Atrapalho o show de sábado e o passeio no parque. Atrapalho a banda e seus músicos com meu vibrar. Atrapalho quando não vibro e me faço enxergar. Enxergo-me na transparência daquele olhar. Inseguro e triste olhar, perene, instável e irresponsável. Atrapalho quando me deixo cativar. “Tu és eternamente responsável por aquilo que cativas”. Atrapalho quando falo, pois é aqui que mais me espalho, então, me calo.
Calo na espera de um convite. Calo na certeza de um recomeçar, com o peito apertado de nem sei o quê. Esperança talvez. Sublime esperança que me cala, que me atrapalha e se espalha entre meus segredos mais profundos. Um livro aberto, transparente, ausente de letras e linhas. Assim sou eu, quase tímida, quase certa, quase certa do que quero agora.
Agora não há querer, nem sentir, nem pesar, agora não há. O agora não existe neste despertar. Talvez o futuro. Talvez o futuro se espalhe e não me atrapalhe. Um dia, dois, um mês, dois, um ano, dois. Não. Não por tanto tempo, não pelo medo de viver. Não por não saber viver. Quem não sabe viver se atrapalha, pois não se espalha.
Calo, senão me espalho e quando me espalho, atrapalho, então, me calo. Calo um, calo dois, calo três. Quem chegar por último perdeu a vez.

5 comentários:

Taline Libanio disse...

Em homenagem a alguém que invadiu meu coração feito um pirata e ali deixou suas efêmeras "recordações de areia"...

Com carinho ;)

Anônimo disse...

puxa Tá, devo dizer que esse texto mesmo escrito em prosa,temm a mesma beleza delicada e sutil que a gente só consegue encontrar nas poesias.
"Calo senão atrapalho", pra mim soou tão cabível pro meu jeito, como pro jeito de tantas outras pessoas - ainda que desse esse ar de intimidade p/ tdos-, mas esse olhar poético gerou um significado bem maior do que sempre costumava pensar à respeito.

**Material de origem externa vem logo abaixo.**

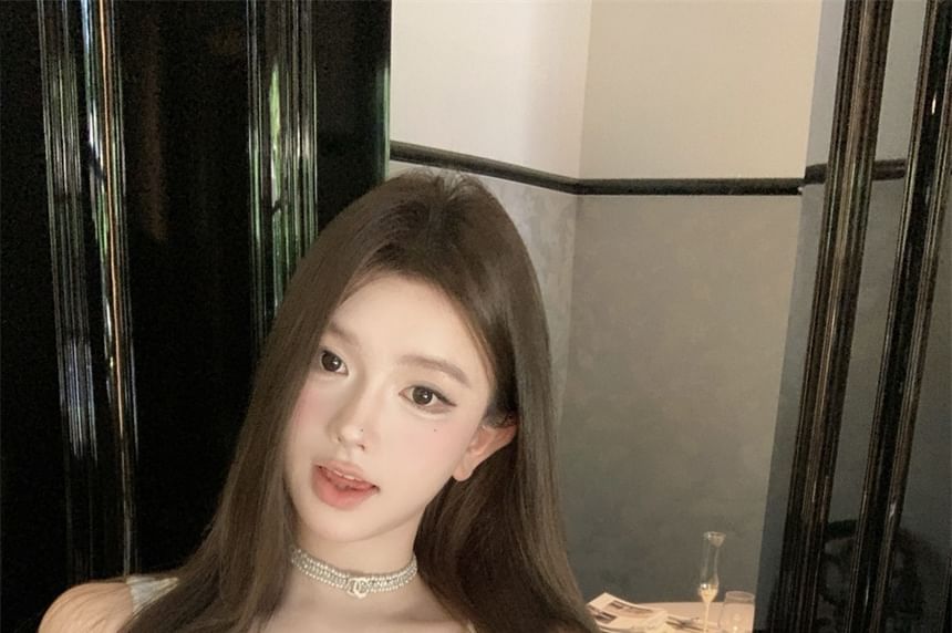 Sleeveless Mini Neck Waist Pencil High Tweed Skirt Scoop Set: Faux Beaded + Crop Top Pearl Button
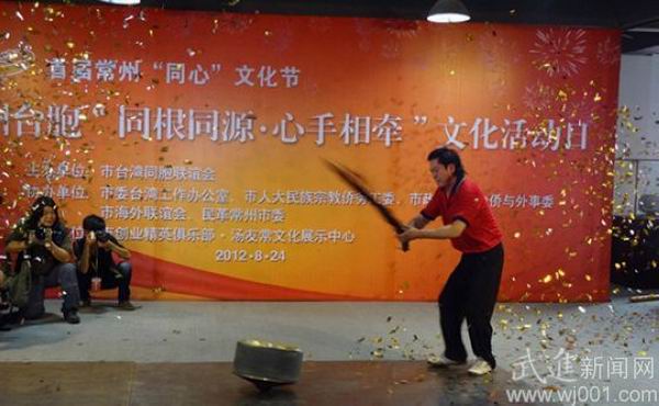 汤友常生于1953年,常州市新北区孟河镇汤家村人,是世界雕刻之王,世界陀螺之王,他的雕刻作品和打陀螺,共获得41项大世界吉尼斯纪录。他年轻时参军,26岁当上营长,他体格健硕自创“狮吼功”,退役后选择回归乡野潜心艺术创作。
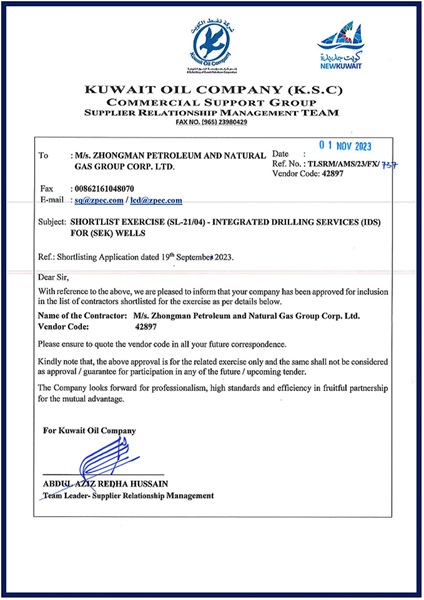 11月1日,科威特国家石油公司(KOC)传来喜讯,中曼石油成功通过了科威特国家石油公司(KOC)的工程大包服务资格审查,正式获得科威特东南地区综合钻井服务承包商资质。本次获得综合钻井服务承包商资格代表公司在综合钻井工程服务业务的各项能力获得了国际高端石油公司的认可和肯定。

gracias como sempre, por escrever e deixar a gente ler todas essas coisas lindas....

Tamara

Paulo disse...

"O sábio nunca diz tudo o que pensa, mas pensa sempre tudo o que diz". Calar-se nem sempre é a solução. Basta pensarmos melhor sobre o que dizer e o que estamos sentindo.
Mas calo-me senão eu atrapalho!

ana flávia disse...

muito bom, amiga!
havia perdido este...

Ernesto disse...

Eu gostaria de ter o direito de retirar-lhe o direito de calar-se, para que não privasse mais do encanto e da magia orquestral de tuas palavras, aqueles que tanto te admiram. Saiba, sou um deles. Calo-me de enlevo.